The honest framing: this is a confidentiality leak under specific conditions, not remote code execution. The attacker needs a multi-tenant service that shares cache across security boundaries, a measurable timing gap, and enough probing budget. CacheSolidarity’s own analysis stresses that exploitability depends on hardware, model size, system load and request length — on some configurations the hit/miss gap is too noisy to weaponise. That is a real mitigating factor, but it is a property of the deployment, not a guarantee.
Defenses
Research has converged on three families of defense, with a clear progression in how surgically they cut.
- Full user-level isolation. Disable cross-tenant prefix sharing entirely; each user (or org) gets a private cache. This closes the channel but throws away APC’s benefit. SafeKV measured isolation inflating time-to-first-token by up to ~38% on large models; CacheSolidarity reports similar costs. Effective, blunt, expensive.
- Timing obfuscation. Pad or jitter responses so hits and misses look alike. The catch, spelled out by both papers: the attacker only needs a statistical separation, so you must pad hit responses toward the slow tail of the miss distribution — which erases most of the latency win and inflates P95/P99.
- Selective isolation. Share by default, isolate only what is risky. SafeKV (arXiv 2508.08438) classifies sensitive prefixes asynchronously and keeps them private, recovering throughput up to 2.66× versus full isolation. CacheSolidarity goes further: it tracks prefix ownership, flags prefixes that multiple users suspiciously reuse, and isolates only those — plus an “Activator” that turns isolation on only when the timing gap is actually distinguishable for the current hardware and load. Built on vLLM and evaluated across nine models (0.5B–13B), it reports up to 70% higher cache reuse and 30% lower latency than user-level isolation, with negligible overhead, and the authors say it will be open-sourced.
For teams running or buying LLM inference, the practical checklist:
- Don’t put secrets in shared-prefix position. Keep API keys, credentials and per-user PII out of system prompts and out of the cacheable head of a request.
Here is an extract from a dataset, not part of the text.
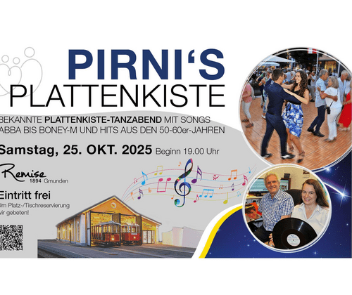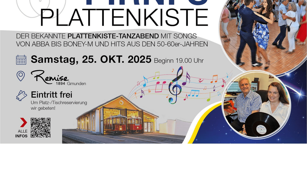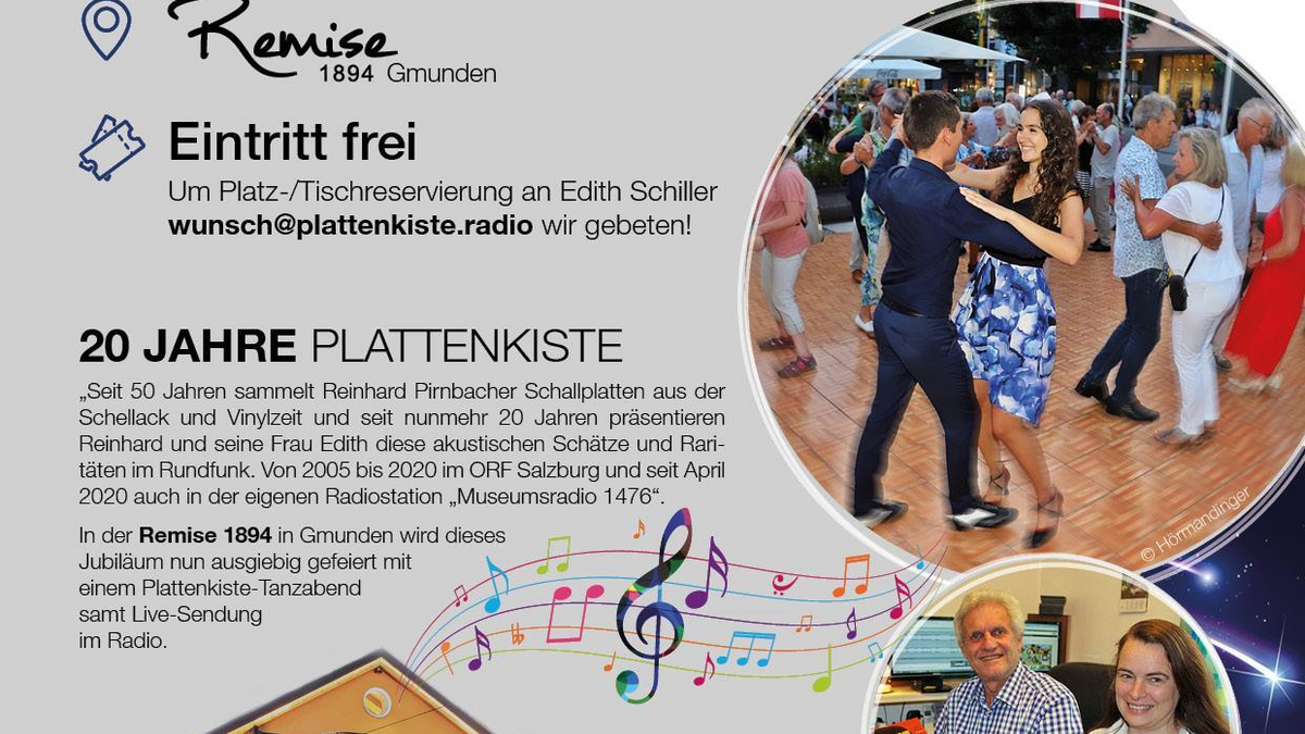 oder Buchung per Telefon unter: +43 664 7396 2755 „Seit 50 Jahren sammelt Reinhard Pirnbacher Schallplatten aus der Schellack und Vinylzeit und seit nunmehr 20 Jahren präsentieren Reinhard und seine Frau Edith diese akustischen Schätze und Raritäten im Rundfunk. Von 2005 bis 2020 im ORF Salzburg und seit April 2020 auch in der eigenen Radiostation „Museumsradio 1476“. In der Remise 1894 in Gmunden wird dieses Jubiläum nun ausgiebig gefeiert mit einem Plattenkiste-Tanzabend samt Live-Sendung im Radio.

- Scope the cache to a trust boundary. Per-organization or per-tenant cache scoping removes the cross-tenant channel; confirm your provider does this rather than sharing globally.
- Treat cache policy as a procurement question. Ask vendors whether prefix/semantic caching is shared across customers and how long entries persist — the providers in the audit had retention windows from minutes to days.
- If you self-host, prefer selective isolation. Full isolation works but is costly; SafeKV- and CacheSolidarity-style selective approaches keep the speed-up while closing the channel.
Status
| Item | Reference | Date | Notes |
|---|---|---|---|
| Empirical API audit | arXiv 2502.07776 (Stanford, ICML 2025) | 2025-02 | Global cross-user cache sharing in 7 providers incl. OpenAI |
| Prompt-stealing attack | NDSS 2025 (Wu et al.) | 2025 | Up to 99% / 95% prompt reconstruction via shared KV cache |
| SafeKV (selective isolation) | arXiv 2508.08438 | 2025-08 | Async sensitivity classification; up to 2.66× throughput vs isolation |
| CacheSolidarity (selective isolation) | arXiv 2603.10726 | 2026-03 | Flags suspicious reuse; up to 70% more reuse, 30% lower latency than isolation |
The throughline of two years of this research is that the speed optimisations LLM serving depends on — prefix and KV-cache sharing — are also a confidentiality side channel when the cache crosses a trust boundary. The 2026 work doesn’t ask you to choose between speed and safety; it shows the channel can be closed by isolating the few prefixes that matter rather than walling off every user.